Oracle Database 10g Enterprise Edition Release 10.2.0.2.0 - Prod
PL/SQL Release 10.2.0.2.0 - Production
CORE    10.2.0.2.0      Production
TNS for Linux: Version 10.2.0.2.0 - Production
NLSRTL Version 10.2.0.2.0 - Production




ops$tkyte%ORA9IR2> select myfunc(1) from dual;
select myfunc(1) from dual
       *
ERROR at line 1:
ORA-01422: exact fetch returns more than requested number of rows
ORA-06512: at "OPS$TKYTE.MYFUNC", line 6


ops$tkyte%ORA9IR2> select myfunc(x) from (select 2 x from dual union all select 1 x from dual);
ERROR:
ORA-01422: exact fetch returns more than requested number of rows
ORA-06512: at "OPS$TKYTE.MYFUNC", line 6



ops$tkyte%ORA9IR2> select * from v$version
  2  /

BANNER
----------------------------------------------------------------
Oracle9i Enterprise Edition Release 9.2.0.8.0 - Production
PL/SQL Release 9.2.0.8.0 - Production
CORE    9.2.0.8.0       Production
TNS for Linux: Version 9.2.0.8.0 - Production
NLSRTL Version 9.2.0.8.0 - Production






How strange

A reader, January 02, 2007 - 5:56 am UTC

SQL> select * from v$version;

BANNER
----------------------------------------------------------------
Oracle Database 10g Enterprise Edition Release 10.2.0.3.0 - Prod
PL/SQL Release 10.2.0.3.0 - Production
CORE 10.2.0.3.0 Production
TNS for 32-bit Windows: Version 10.2.0.3.0 - Production
NLSRTL Version 10.2.0.3.0 - Production

SQL> create or replace function myfunc(i number) return number
2 is
3 vii number;
4 begin
5
6 if i = 1 then -- force error: many values into one var
7 select object_name into vii from user_objects;
8 end if;
9
10 return i;
11
12 end;
13 /

Function created.

SQL> select myfunc(x) from (select 2 x from dual union all select 1 x from dual);

MYFUNC(X)
----------
2

SQL>

*************

SQL> select * from v$version;

BANNER
----------------------------------------------------------------
Oracle9i Enterprise Edition Release 9.2.0.2.1 - Production
PL/SQL Release 9.2.0.2.1 - Production
CORE 9.2.0.2.0 Production
TNS for 32-bit Windows: Version 9.2.0.2.0 - Production
NLSRTL Version 9.2.0.2.0 - Production

SQL> create or replace function myfunc(i number) return number
2 is
3 vii number;
4 begin
5
6 if i = 1 then -- force error: many values into one var
7 select object_name into vii from user_objects;
8 end if;
9
10 return i;
11
12 end;
13 /

Function created.

SQL> select myfunc(x) from (select 2 x from dual union all select 1 x from dual);

MYFUNC(X)
----------
2

SQL>


Would it be reasonable to refer to the behaviour I'm seeing in 10.2.0.3.0 and 9.2.0.2.1 as Oracle bugs ? Any other possible explanation ?
Tom Kyte
January 02, 2007 - 8:07 am UTC

i wonder - what sqlplus version are you using?

SQLPlus ?

A reader, January 02, 2007 - 8:27 am UTC

Ah!, I get different results with different versions of SQLPlus.

The results posted earlier were with SQLPlus Release 9.2.0.1.0.

When I repeat the test with SQLPlus Release 10.1.0.5.0 I get the same behaviour as you.

We'll be upgrading away from the older version of SQLPlus shortly but as far as lessons learned go, is this a SQLPlus bug ?
Tom Kyte
January 04, 2007 - 9:33 am UTC

it is a bug with dual - try some other one row table of your own creation.
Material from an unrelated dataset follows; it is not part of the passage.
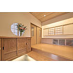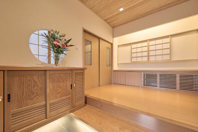 正面の飾り棚と丸窓障子が目を引く玄関。式台の下に間接照明を設置して足元を照らせる工夫を。下駄箱は既存のものを活用しました。

The database "knows" too much about dual sometimes.

Any other exceptions silently swallowed...?

Dawn, April 23, 2007 - 5:49 am UTC

Hi Tom,

I've tried searching, but can't find anything that answers my query. I know that if you're calling a function from within SQL and the function returns the no_data_found exception, then SQL doesn't consider that to be an exceptional situation, and no error is raised.

However, I need to know whether any other exceptions that SQL will handle in the same way, or if it's just no_data_found that is handled like that.

Can you help?

Thanks in advance!
Tom Kyte
April 23, 2007 - 4:34 pm UTC

It is not that it is "silently handled", it is that the client absolutely gets this condition raised to them. And the client decided what to do.
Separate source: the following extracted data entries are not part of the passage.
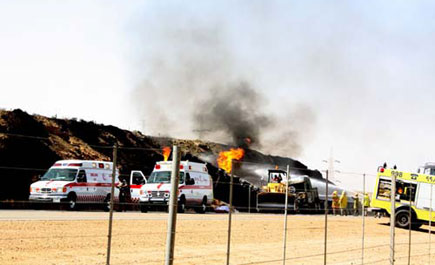 المجمعة - صالح الدهش تمكنت أربع فرق من إدارة الدفاع المدني بمحافظة المجمعة أمس الأربعاء من السيطرة على حريق كبير غطى سماء المجمعة بالدخان وذلك في وقت وجيز بعد تصادم لناقلتين إحدهما محملة بالوقود (البنزين) والأخرى تريلا سطحة, وقد نتج عن الحادث وفاة سائق التريلا متفحماً ونجاة السائق الآخر,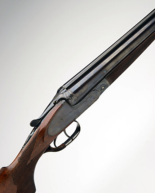 A BELGIAN 16-BORE SIDEPLATED BOXLOCK EJECTOR, serial no. 44220, 26 3/4in. (68cm) nitro barrels with raised matt rib, 2 1/2in. chambers, bored approx. 3/4 choke in both, left tube stamped 'F. DUMOULIN ET CIE. LIEGE', treble-grip action with side-clips and carved floral fences, automatic safety, border engraving, blued finish, 14 1/2in. pistolgrip stock with cheekpiece, pistolgrip-cap and including 1in. rubber recoil pad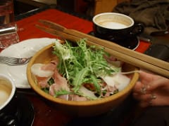 昨天晚餐,我的芝麻葉沙拉瑪起司火腿肉+拿…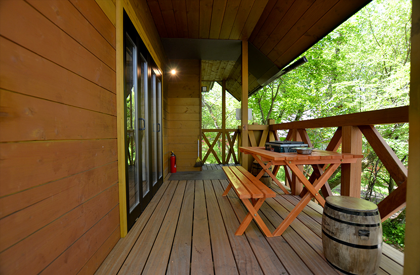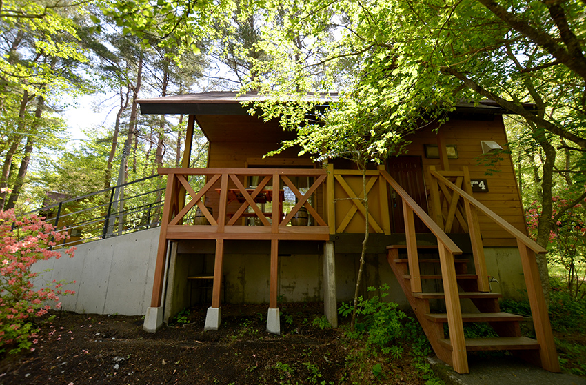 自然に囲まれ森林浴が満喫できる「リーフコテージ」。

So, what would your client do with any other exception?

A reader, April 24, 2007 - 4:42 am UTC

Yes, I get that SQL is the client in question here, and I get that it handles some of the exceptions that may be passed to it - so far, I've identified no_data_found and too_many_rows (which surprised me!) as errors that are handled by the SQL engine/client.

But I need to know if these are the only two errors that get handled by SQL, or whether there are others. (I'm trying to implement error handling within a function that gets called from an "insert as select... from function" statement. Unfortunately, no_data_found is one of those errors, but hey ho!)
Tom Kyte
April 24, 2007 - 11:14 am UTC

too_many_rows is not that way??

no_data_found is about it. everything else in SQL is "an error"

ops$tkyte%ORA10GR2> create or replace function f return numTabType
  2  pipelined
  3  as
  4          l_x   varchar2(1);
  5  begin
  6          select * into l_x
  7            from (select * from dual union all select * from dual);
  8
  9          pipe row(1);
 10          return;
 11  exception
 12          when too_many_rows
 13          then
 14                  dbms_output.put_line( 'too many rows...' );
 15                  RAISE;
 16  end;
 17  /

Function created.

ops$tkyte%ORA10GR2>
ops$tkyte%ORA10GR2> drop table t;

Table dropped.

ops$tkyte%ORA10GR2> create table t ( x number );

Table created.

ops$tkyte%ORA10GR2>
ops$tkyte%ORA10GR2> insert into t
  2  select * from table(f);<b>
too many rows...</b>
select * from table(f)
                    *
ERROR at line 2:
ORA-01422: exact fetch returns more than requested number of rows
ORA-06512: at "OPS$TKYTE.F", line 15



Aha!

Dawn, April 25, 2007 - 4:40 am UTC

After further tests, it was a TOADism that caused the too_many_rows to be handled (but only in the select function from dual format - select * from table(cast(function as whatever)) worked - well, errored - as expected!)

That'll teach me not to test first in SQLPlus!

Thanks very much for your help with this.

Good article

Albert Nelson A, September 07, 2007 - 4:19 am UTC


Error code for No Data found

Praba, September 03, 2008 - 7:41 am UTC

We have recently migrated to Oracle 10g (v. 10.2.0.3.0)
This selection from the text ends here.